For Some, Girl Scout Cookies Will Be More Expensive This Year

One poll suggests that nearly 50 percent of customers will stop buying the cookies once they reach $5, but we don’t buy it
For Some, Girl Scout Cookies Will Be More Expensive This Year

Photo Modified: Flickr/Marit & Toomas Hinnosaar/CC 2.0

The price increase will allow the troops to make 90 cents per box instead of 62 cents.

Blame it on inflation, but the Girl Scouts will be asking their loyal cookie fans to cough up a little more money to keep the troops running, the organization has announced.

So far, the Girl Scouts of Eastern Massachusetts, Los Angeles, San Diego, and Hawaii, have all raised the price of a box of cookies to $5 from $4 — which has apparently prompted 47 percent of those polled to decide that they will no longer be buying Girl Scout Cookies, according to a recent survey conducted by CNBC. A more level-headed 35 percent of people said they would continue to buy the cookies, while the rest were undecided.

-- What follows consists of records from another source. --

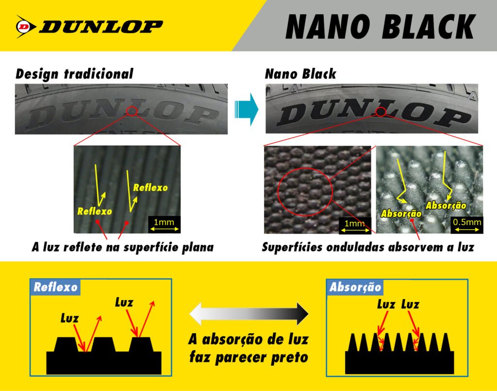Técnica do “Nano Black” incorpora conceito inovador já que possui saliências finas à superfície da parede lateral do pneu maximizando a área de absorção da luz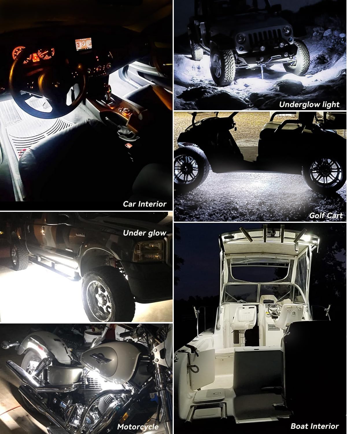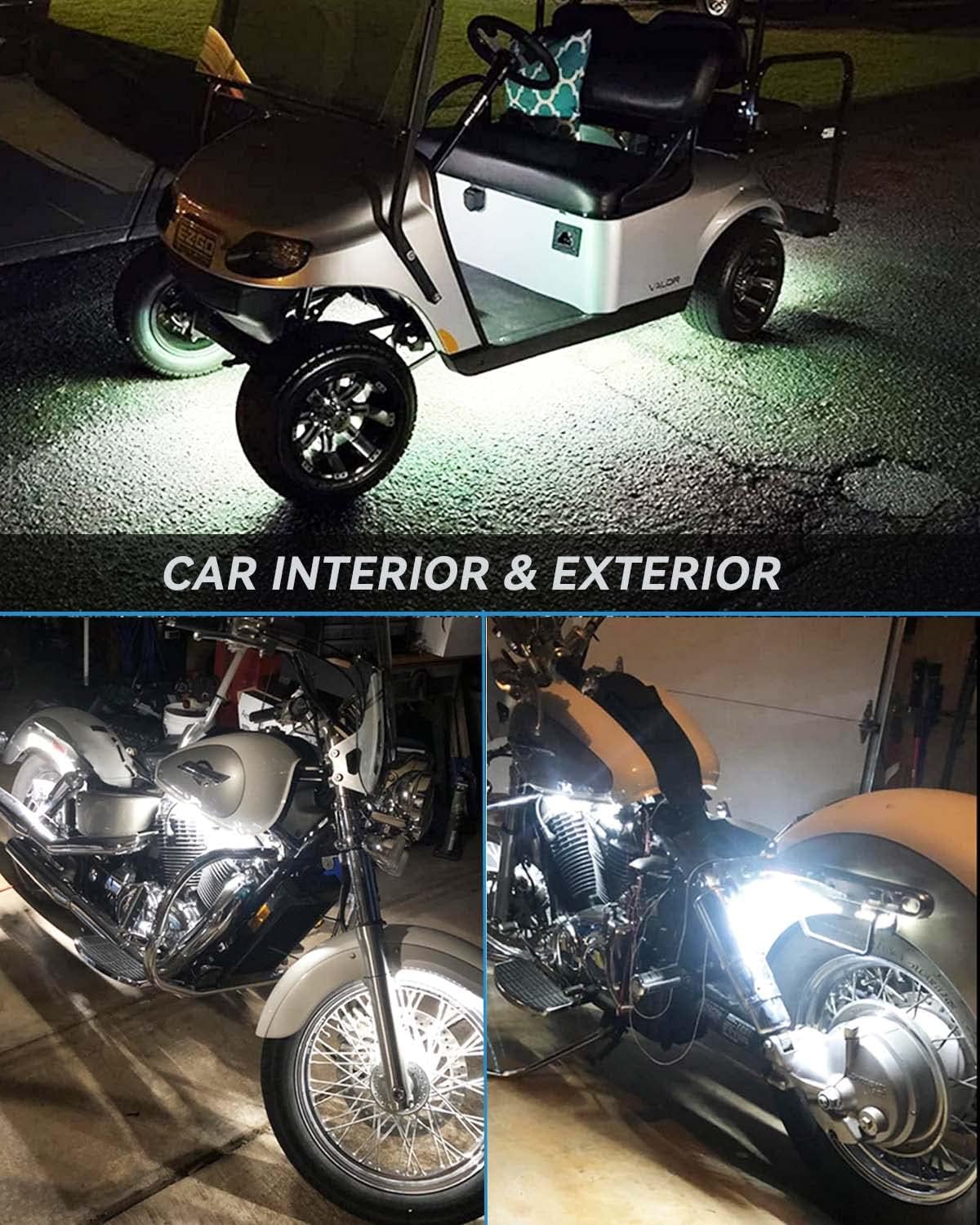 - Recommended Uses For Product : Car Underglow Lights, Golfcart Led Lights, Pontoon Fishing Boat Yacht Kayak Sailboat, Vehicle Exterior, Vehicle Interior, motorcycle led strip lights Car Underglow Lights, Golfcart Led Lights, Pontoon Fishing Boat Yacht Kayak Sailboat, Vehicle Exterior, Vehicle Interior, motorcycle led strip lights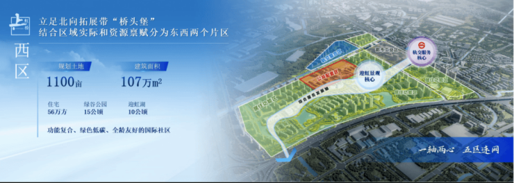 上虹桥依托东西两个片区(西居东产,共计约167公顷),遵循“以人为本、产城融合、多元包容、活力共享”的理念,整体打造创新经济集聚区、中央商务配套区和高品质国际化社区。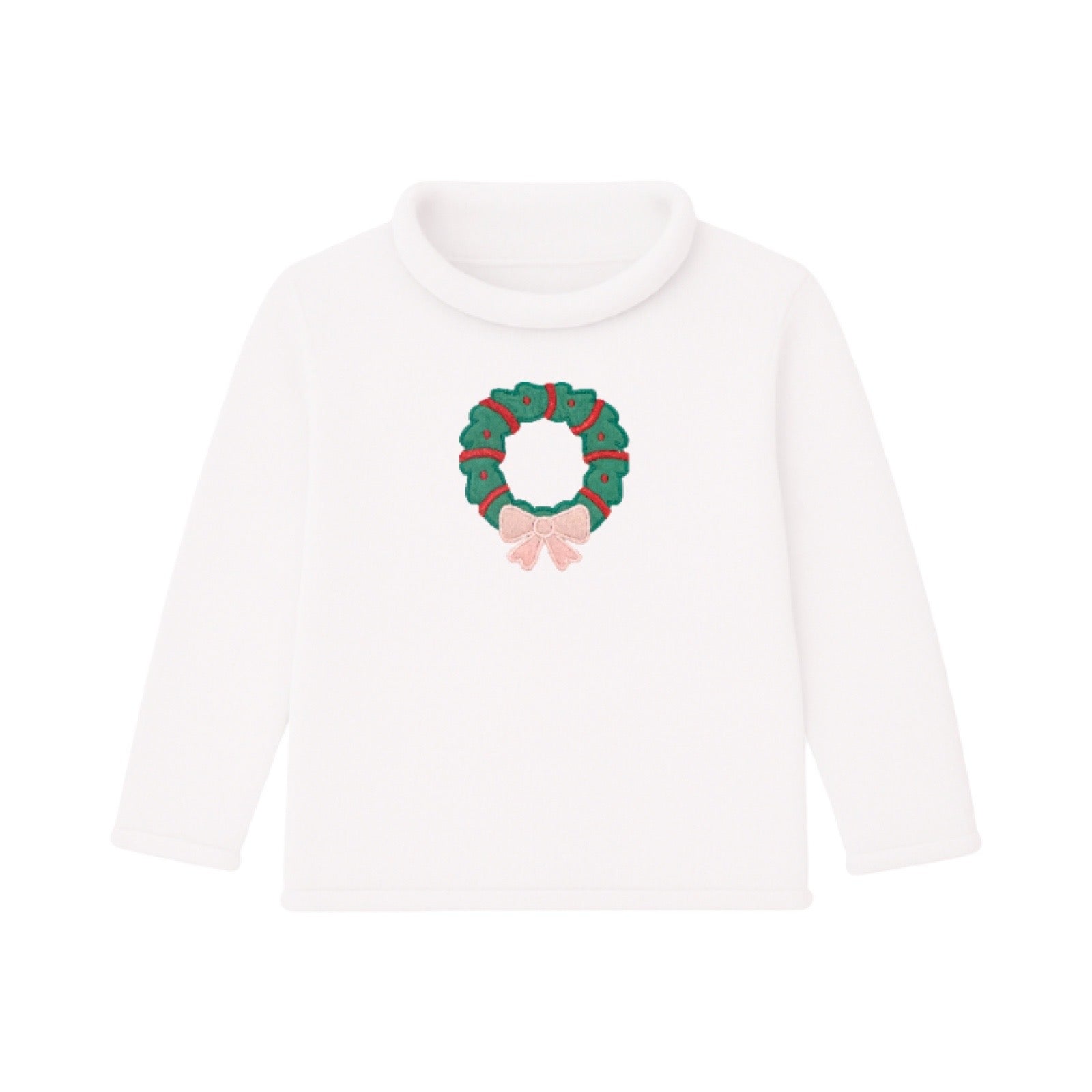 Darling fine gauge rollneck sweater adorned with a festive Christmas wreath applique and charming pink bow. Perfect for holiday celebrations, this cozy knit pairs beautifully with pink leggings or corduroys for an effortlessly chic seasonal look. A delightful choice for little ones who love festive style!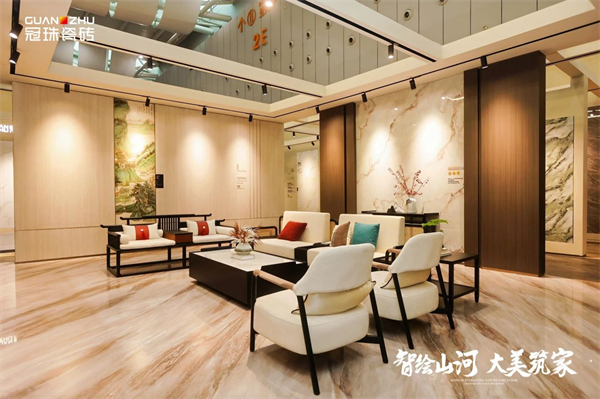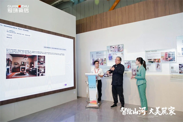 此外,冠珠瓷砖以“AI+文化”为驱动,率先交出“四智成果”答卷。其深度融合智绘设计、智造生产、智控品质、智享服务四大领域,构建全链路数智生态体系,展现中国智造魅力,演绎山河之美。
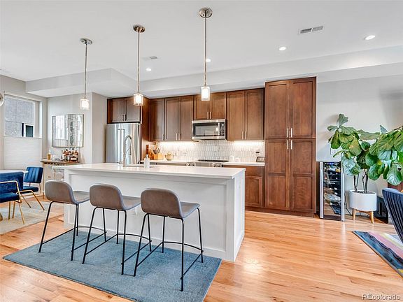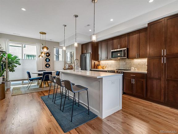 Why choose between a city or a mountain view when you can have both? Plus, walkability to two of Denver's most sought-after neighborhoods (Highlands Square and LoHi) for an eclectic mix of restaurants, summer fairs, and nightlife. This home was built in 2017 but lives like it's brand new. Walk into the main living area and be greeted with hardwood floors, open-concept living, and timeless finishes. The kitchen boasts shaker cabinets, quartz countertops, and plenty of cabinet space. The dining and living room both open to the kitchen, which is perfect for entertaining. Head upstairs, where you will find a primary suite with ample closet space and a primary bath with double sinks and a large walk-in shower. Between the bedrooms you will find the laundry closet, perfectly placed no going up and down the stairs. The second floor also features an office/bedroom with and en-suite bath. After a long day, relax and stargaze on the rooftop deck where you will find stunning city and mountain views. This rooftop deck also has privacy from both neighbors, which is one-of-a-kind in this type of build. The main-floor bath was converted to storage, but can easily be converted back to a bath. Downtown Denver is just a quick commute. Everything is at your fingertips. Don't miss the opportunity to call this special place home.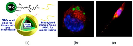 Trifunctional nanomaterial SPIO@SiO2(FITC)-BDA and its application as an axonal tracer. (a) Schematic representation of the axon tracer design showing a superparamagnetic iron oxide (SPIO) core, a middle layer of Fluorescein isothiocyanate (FITC)-doped silica, and the external layer of biotinylated dextran amine (BDA). Fluorescent confocal micrographs of (b) undifferentiated and (c) differentiated N2a cells that have taken up SPIO@SiO2(FITC)-BDA nanoparticles. Reprinted with permission from Reference [25].

In an interview with the network, Jan Goldstein, the chief marketing officer at Girls Scouts of Eastern Massachusetts, explained that the dollar increase was motivated by concerns from volunteers that, despite the resilient popularity of the cookies, profits were too slim.

“The number one factor was us hearing feedback from adult volunteers that girls had such a great experience selling cookies, but they weren't earning enough money from them,” Goldstein said.

The increase will allow those troops to earn 90 cents per box of cookies, from 62 cents.